Komiker Russell Brand will bei seinem Gerichtsverfahren darauf bestehen, dass er provoziert wurde und könnte somit eine Haftstrafe umgehen.


Russell Brand möchte eine Haftstrafe vermeiden - wurde provoziert

Der Komiker wurde wegen zweifacher Sachbeschädigung in New Orleans angeklagt, als er sich der Polizei gestellt hat. Der Brite hatte in der Südstaatenmetropole das Handy eines Paparazzo geschnappt und es in ein Fenster eines Anwaltsbüros geworfen. Das zerbrochene Fenster und das Handy gingen über den Schaden von 500 Dollar (umgerechnet 379 Euro) hinaus und deshalb wurde Russell Brand wegen eines Verbrechens verhaftet . Der Schauspieler hat bereits die umgerechnet 180 Euro für das Fenster gezahlt. TMZ berichtete, dass der Star angeben wird, dass ihn der Fotograf provoziert hätte und dass der Vorfall deshalb passiert sei. "Er wird Provokation angeben, damit er eine mögliche Haftstrafe umgehen kann."
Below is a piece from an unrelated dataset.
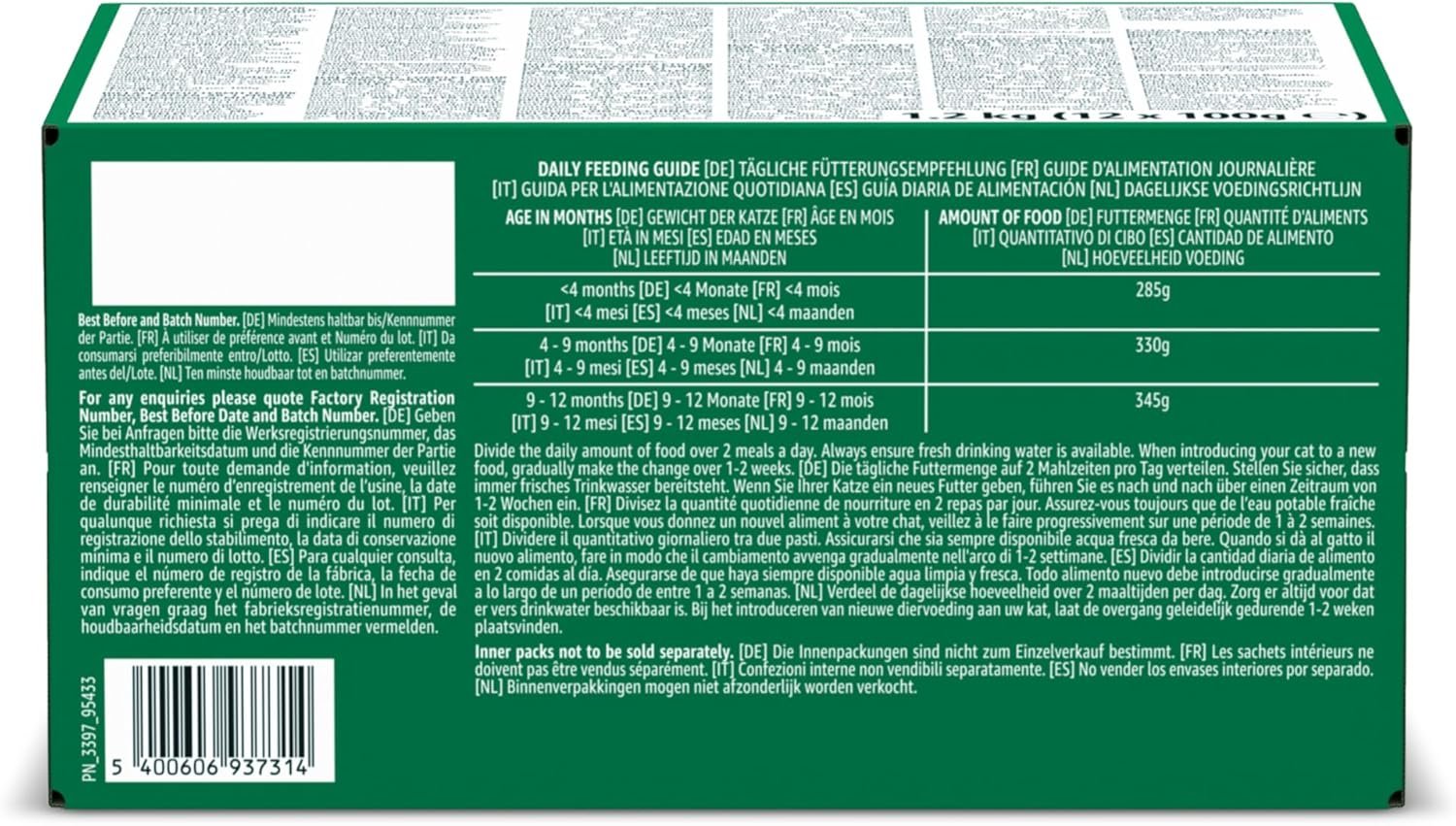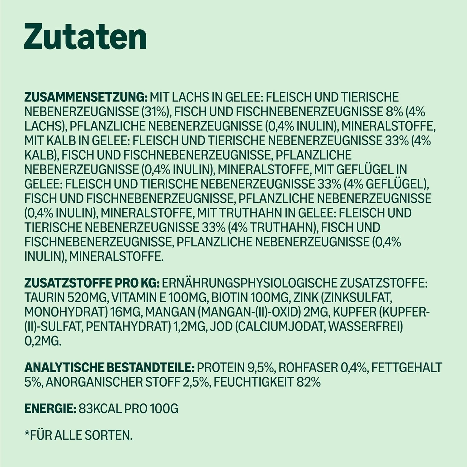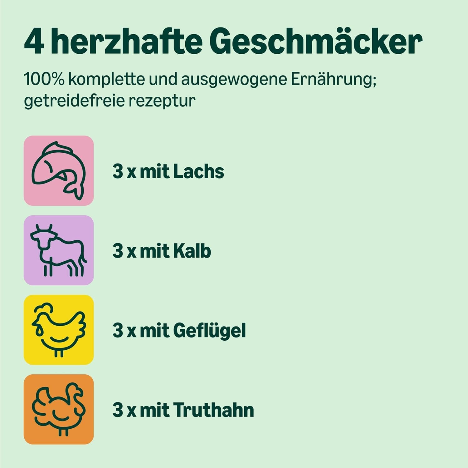 Packung enthält 12 Beutel: 3 x Lachs; 3 x mit Kalbfleisch; 3 x mit Geflügel; 3 x mit Truthahn
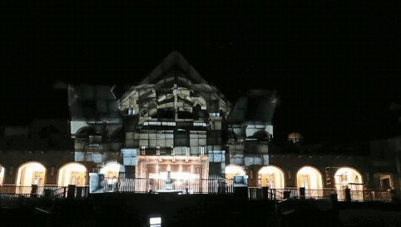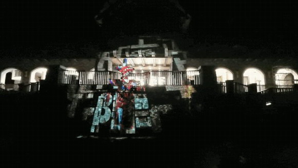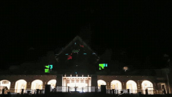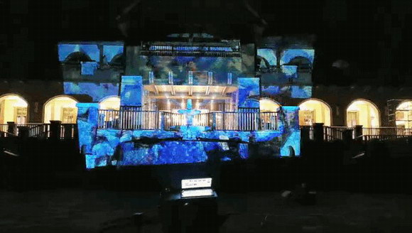 這場光影秀由安恒集團(tuán)提供解決方案,利用兩臺(tái)16,000流明的松下液晶激光工程投影機(jī)PT-SMZ16KCL采用豎向融合的方式進(jìn)行投影,總投影面積約233平方米,屏前照度高達(dá)113lux。

Der Ex-Mann von Katy Perry (27) hat den Star-Anwalt Robert Glass angeheuert, um die unangenehme Angelegenheit so schnell wie möglich zu beenden. Der Verteidiger will durchsetzen, dass der Schaden unter 500 Dollar war und es sich somit nicht um ein Verbrechen handeln kann. Das Handy soll bei dem Wurf kaum beschädigt worden sein. Sollte der Frauenschwarm tatsächlich wegen eines Verbrechens angeklagt werden, drohen ihm bis zu zwei Jahre Haft.

Russell Brand wurde für umgerechnet 3800 Euro Kaution wieder auf freien Fuß gesetzt und kann deshalb auch weiter an seinem neuen Film in New Orleans drehen.